Peter Taylor (born Jan. 8, 1917, Trenton, Tenn., U.S.—died Nov. 2, 1994, Charlottesville, Va.) was an American short-story writer, novelist, and playwright known for his portraits of Tennessee gentry caught in a changing society.
From 1936 to 1937 Taylor attended Vanderbilt University, Nashville, Tennessee, then the center of a Southern literary renaissance led by poets Allen Tate, Robert Penn Warren, and John Crowe Ransom. He transferred to Southwestern College in Memphis to study with Tate in 1937, then completed his B.A. in 1940 under Ransom at Kenyon College, Ohio. After serving in the army during World War II, Taylor taught at a number of schools until 1967, when he joined the faculty of the University of Virginia in Charlottesville.

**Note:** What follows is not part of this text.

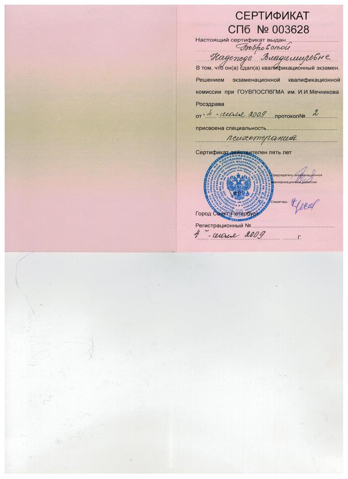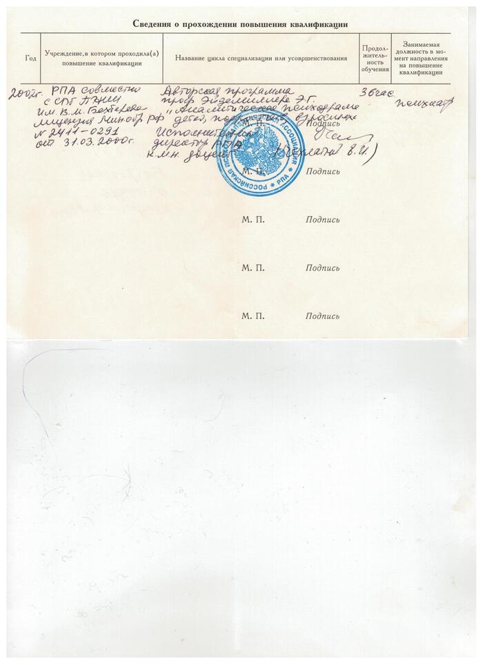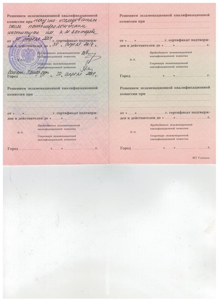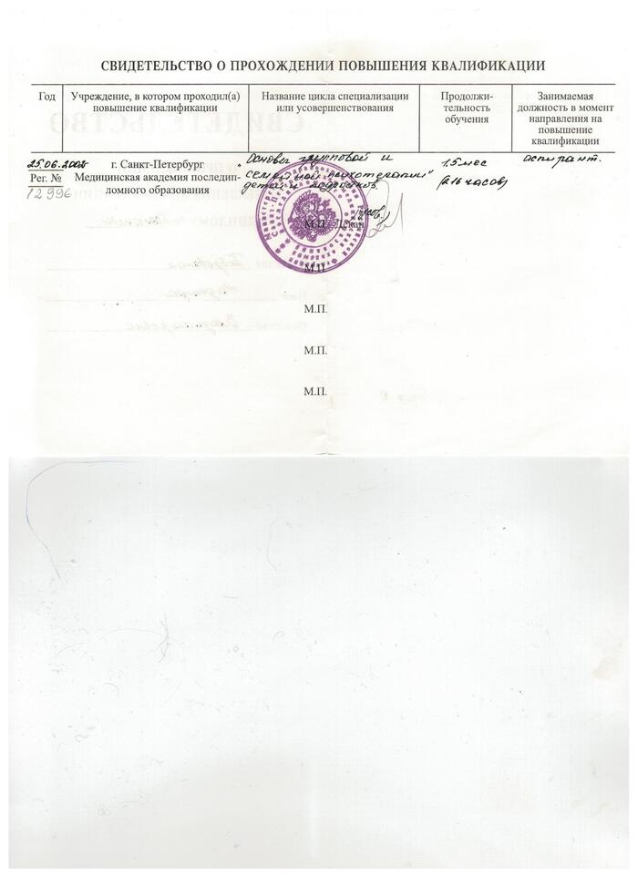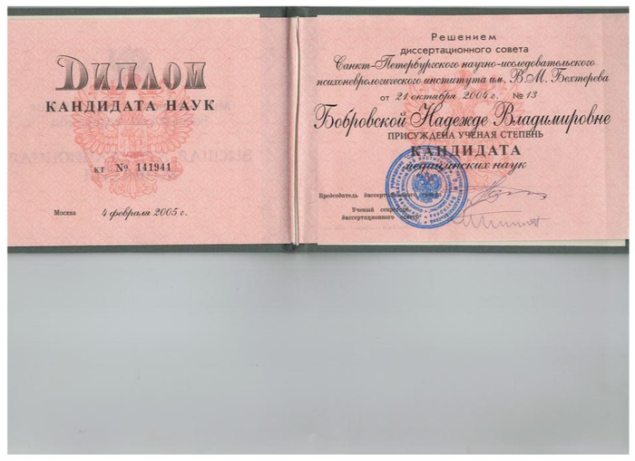 Далее была аспирантура в НИИ им. В.М. Бехтерева, г. Санкт -Петербург, защита кандидатской диссертации по теме "Критерии прогноза у пациентов шизофренического спектра".

Taylor is best known for his short stories, which are usually set in his contemporary Tennessee and which reveal conflicts between old rural society and the rough, industrialized “New South.” Much of Taylor’s fiction was first published in magazines, notably The New Yorker. His first collection, A Long Fourth, and Other Stories (1948), contains subtle depictions of family disintegration, a concern that continues to surface in his subsequent work. In his 1950 novella A Woman of Means, regarded by many as his finest work, a young narrator recalls his wealthy stepmother’s nervous collapse and reveals the tension between her city ways and his father’s rural values.
The Widows of Thornton (1954), Happy Families Are All Alike (1959), and Miss Leonora When Last Seen and Fifteen Other Stories (1963) secured the author’s reputation as a master of short fiction. His later works include In the Miro District and Other Stories (1977), The Old Forest and Other Stories (1985), the Pulitzer Prize-winning novel A Summons to Memphis (1986), and The Oracle at Stoneleigh Court (1993), a collection of short stories and three plays.